This is an odd job, you know. Somedays working in the Newsroom you get across the wires the strangest stories. As the saying goes: there's now't so queer as folk.
But sometimes it takes a strong-willed hack to spy out the urban myths from the urban jungle.
One story that has been doing the rounds for many a month, now, but still seems to be losing no momentum in pub gossip, is that of the dwarf-eating hippo. The gist of the story is as follows (as reported in the Pattaya post in Thailand who - to paraphrase - reported this.):
"A hippopotamus has swallowed a dwarf in a circus accident in northern Thailand. "A dwarf, nicknamed Od, died when he bounced sideways from a trampoline and was swallowed by a yawning hippopotamus, which was waiting to appear in the next act," the Pattaya Mail reported. "Vets on the scene said Hilda the Hippo had a gag reflex which automatically caused her to swallow." The vets said it was the first time the hefty vegetarian had ever eaten a circus performer. "Unfortunately, the 1000 plus spectators continued to applaud wildly until common sense dictated there had been a tragic mistake."
By all accounts, a one-in-a-million freak accident. That is until you realise that the story has also muted into pieces that say the dwarf in question was called Franz Dasch and lived in Austria, or was known as Bruno, the Bulgarian Dwarf, or even, happened to 42 of them in Cambodia. There's even a book and a band after the event.

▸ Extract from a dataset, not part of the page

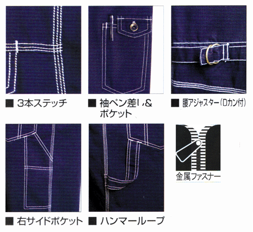 CATーKIDS 517S ツナギ(春・夏・秋・冬) ■素材 オックス/綿100% ■カラー ネイビー ■ワンウォッシュ加工 ■袖口隠しドットボタン ■3本ステッチ ■袖ペンさし&ポケット ■ハンマーループ ■右サイドポケット サイズ 背丈 肩幅 袖丈 胸囲 腰廻 脇丈 股下 100 30 30 34 71 68 62 41 110 32 32 37 75 70 68 46 120 34 34 40 79 72 74 51 130 36 35 43 83 75 80 56 140 38 38 46 87 79 86 61 150 40 40 49 91 82 92 66

The worry is this. In a digital age, where journalists are increasingly having to beat the 'citizen reporter' to a story, it is very, very easy for us to run with a story that looks on the surface alot more credible than a hippo-eating dwarf, and one that we have heard from a number of 'net sources, but one that turns out to be absolutely rubbish.
All in all - if there is one thing worth learning about urban myths. Is that is teaches us all a lesson on the why-s and where-s of good reporting.